START Supplied material

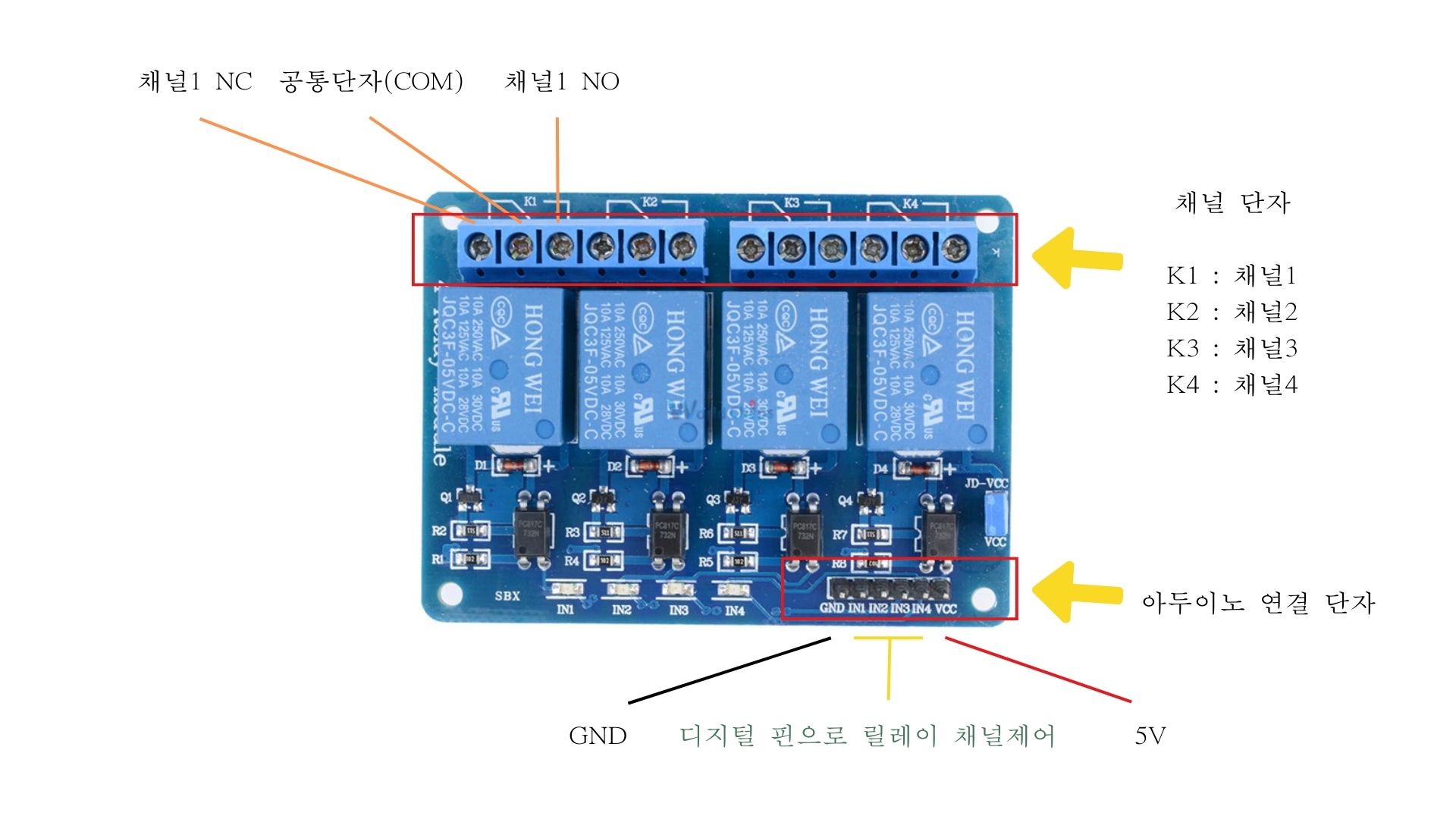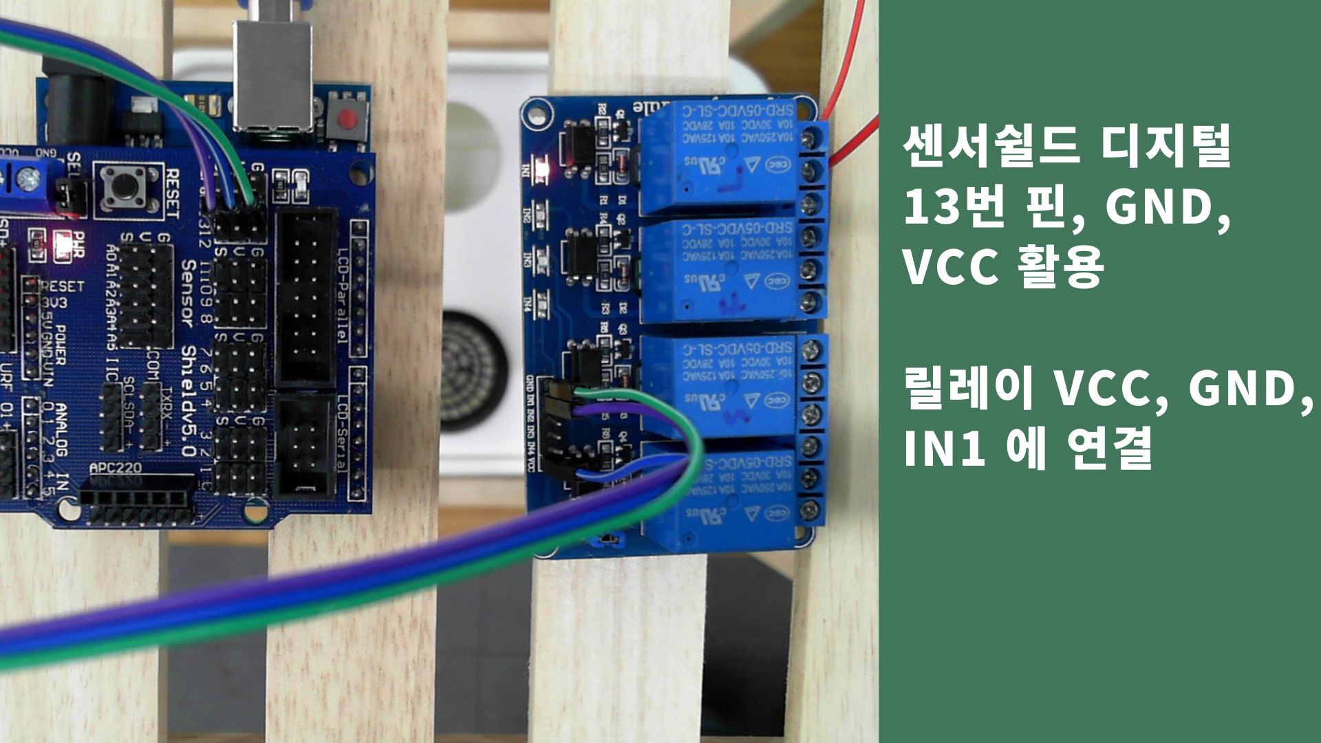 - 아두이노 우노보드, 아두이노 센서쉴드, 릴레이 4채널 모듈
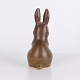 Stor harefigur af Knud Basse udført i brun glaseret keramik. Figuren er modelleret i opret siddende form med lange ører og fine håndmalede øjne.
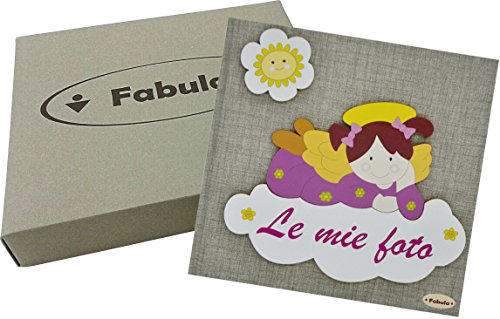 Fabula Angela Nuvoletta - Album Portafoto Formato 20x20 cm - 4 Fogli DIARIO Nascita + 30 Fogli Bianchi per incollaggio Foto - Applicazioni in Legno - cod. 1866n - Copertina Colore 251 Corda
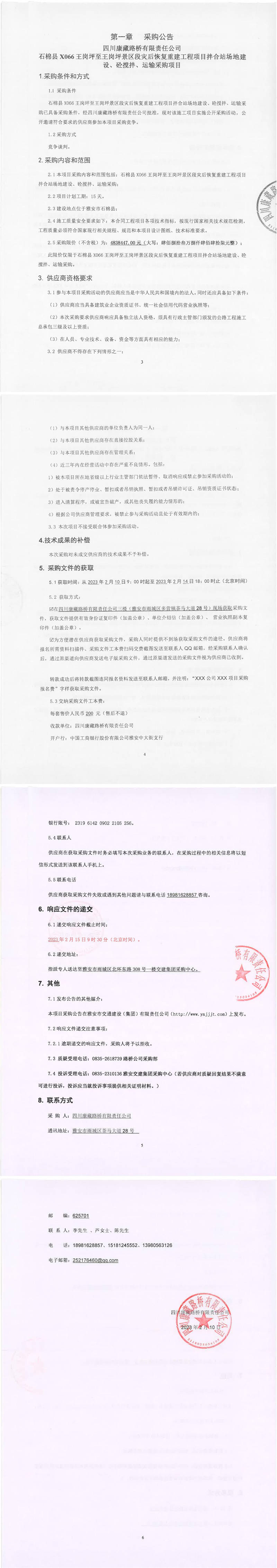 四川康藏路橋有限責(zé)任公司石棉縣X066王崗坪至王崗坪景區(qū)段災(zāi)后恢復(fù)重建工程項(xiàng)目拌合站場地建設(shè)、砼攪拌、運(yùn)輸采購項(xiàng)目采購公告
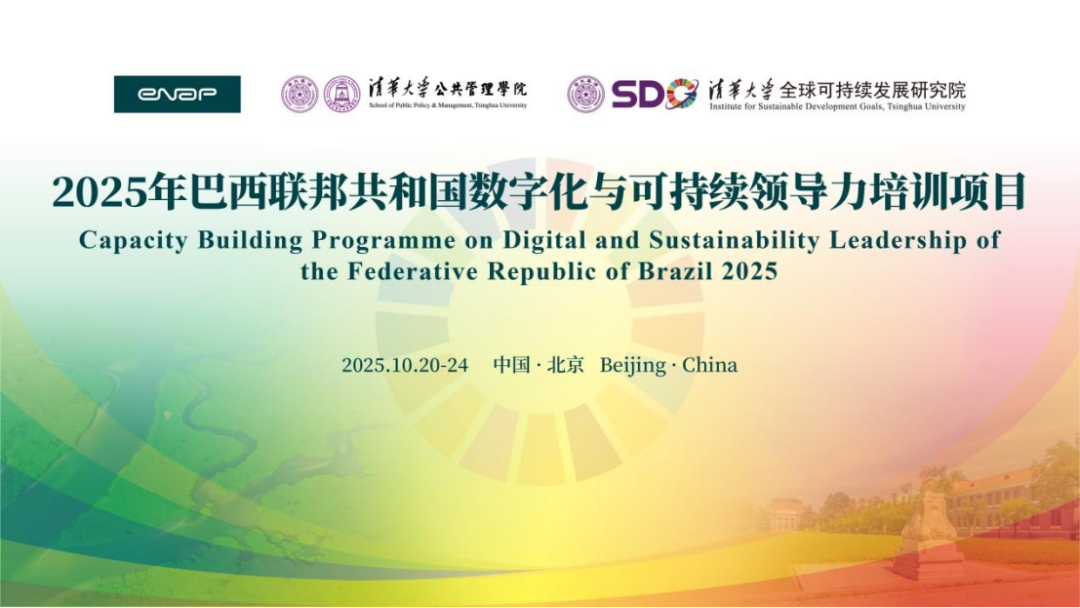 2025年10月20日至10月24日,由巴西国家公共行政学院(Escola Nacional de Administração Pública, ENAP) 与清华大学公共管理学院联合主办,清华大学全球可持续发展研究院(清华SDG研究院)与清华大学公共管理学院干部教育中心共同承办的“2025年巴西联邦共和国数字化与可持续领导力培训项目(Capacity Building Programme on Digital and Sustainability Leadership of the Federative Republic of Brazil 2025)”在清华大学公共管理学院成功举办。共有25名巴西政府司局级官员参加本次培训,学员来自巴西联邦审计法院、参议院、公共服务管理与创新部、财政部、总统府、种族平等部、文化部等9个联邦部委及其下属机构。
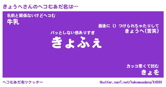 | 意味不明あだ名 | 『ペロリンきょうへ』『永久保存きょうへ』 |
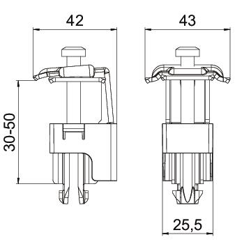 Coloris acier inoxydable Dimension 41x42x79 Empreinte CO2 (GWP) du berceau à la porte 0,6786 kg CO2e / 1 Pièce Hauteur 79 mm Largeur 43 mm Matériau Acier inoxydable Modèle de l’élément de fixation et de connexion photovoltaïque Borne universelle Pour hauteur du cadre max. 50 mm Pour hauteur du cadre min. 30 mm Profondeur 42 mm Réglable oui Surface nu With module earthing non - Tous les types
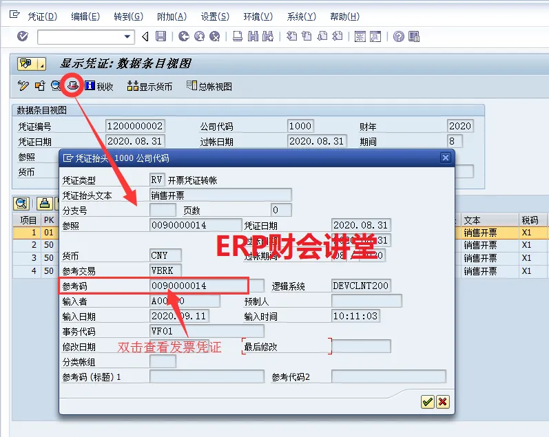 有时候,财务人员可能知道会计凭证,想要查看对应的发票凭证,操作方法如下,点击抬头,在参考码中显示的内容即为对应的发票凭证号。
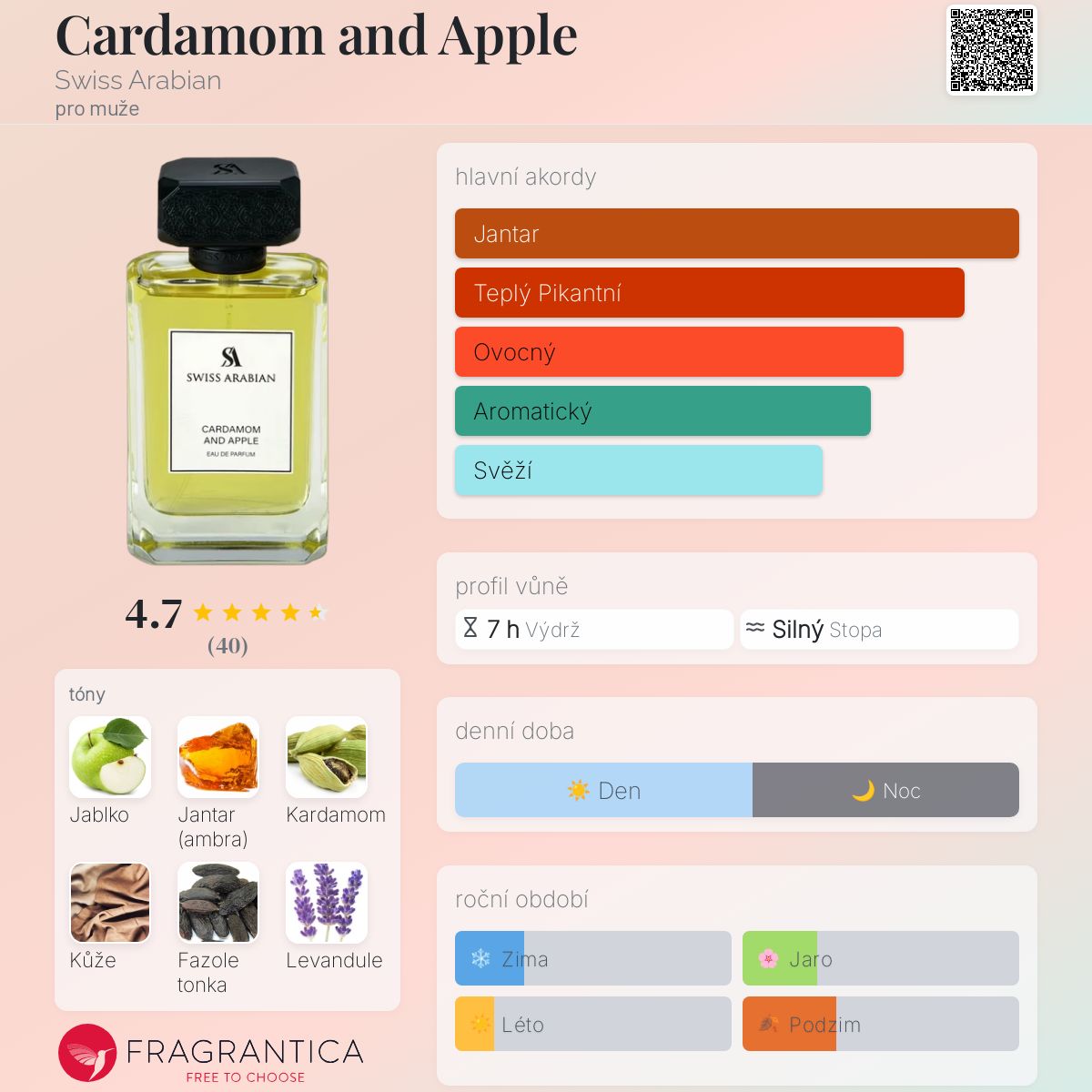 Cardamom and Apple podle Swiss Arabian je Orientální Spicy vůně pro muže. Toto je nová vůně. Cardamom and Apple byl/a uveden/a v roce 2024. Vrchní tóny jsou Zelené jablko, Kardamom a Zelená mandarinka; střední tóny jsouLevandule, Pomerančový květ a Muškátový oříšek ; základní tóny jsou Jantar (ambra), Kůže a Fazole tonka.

END Supplied material

Would you reproduce the lines above, from the very first through the line containing "意味不明あだ名 | 『ペロリンきょうへ』『永久保存きょうへ』 |", exactly and without the pictures?

Response ::
 - 아두이노 우노보드, 아두이노 센서쉴드, 릴레이 4채널 모듈
 Stor harefigur af Knud Basse udført i brun glaseret keramik. Figuren er modelleret i opret siddende form med lange ører og fine håndmalede øjne.
 Fabula Angela Nuvoletta - Album Portafoto Formato 20x20 cm - 4 Fogli DIARIO Nascita + 30 Fogli Bianchi per incollaggio Foto - Applicazioni in Legno - cod. 1866n - Copertina Colore 251 Corda
 四川康藏路橋有限責(zé)任公司石棉縣X066王崗坪至王崗坪景區(qū)段災(zāi)后恢復(fù)重建工程項(xiàng)目拌合站場地建設(shè)、砼攪拌、運(yùn)輸采購項(xiàng)目采購公告
 2025年10月20日至10月24日,由巴西国家公共行政学院(Escola Nacional de Administração Pública, ENAP) 与清华大学公共管理学院联合主办,清华大学全球可持续发展研究院(清华SDG研究院)与清华大学公共管理学院干部教育中心共同承办的“2025年巴西联邦共和国数字化与可持续领导力培训项目(Capacity Building Programme on Digital and Sustainability Leadership of the Federative Republic of Brazil 2025)”在清华大学公共管理学院成功举办。共有25名巴西政府司局级官员参加本次培训,学员来自巴西联邦审计法院、参议院、公共服务管理与创新部、财政部、总统府、种族平等部、文化部等9个联邦部委及其下属机构。
 | 意味不明あだ名 | 『ペロリンきょうへ』『永久保存きょうへ』 |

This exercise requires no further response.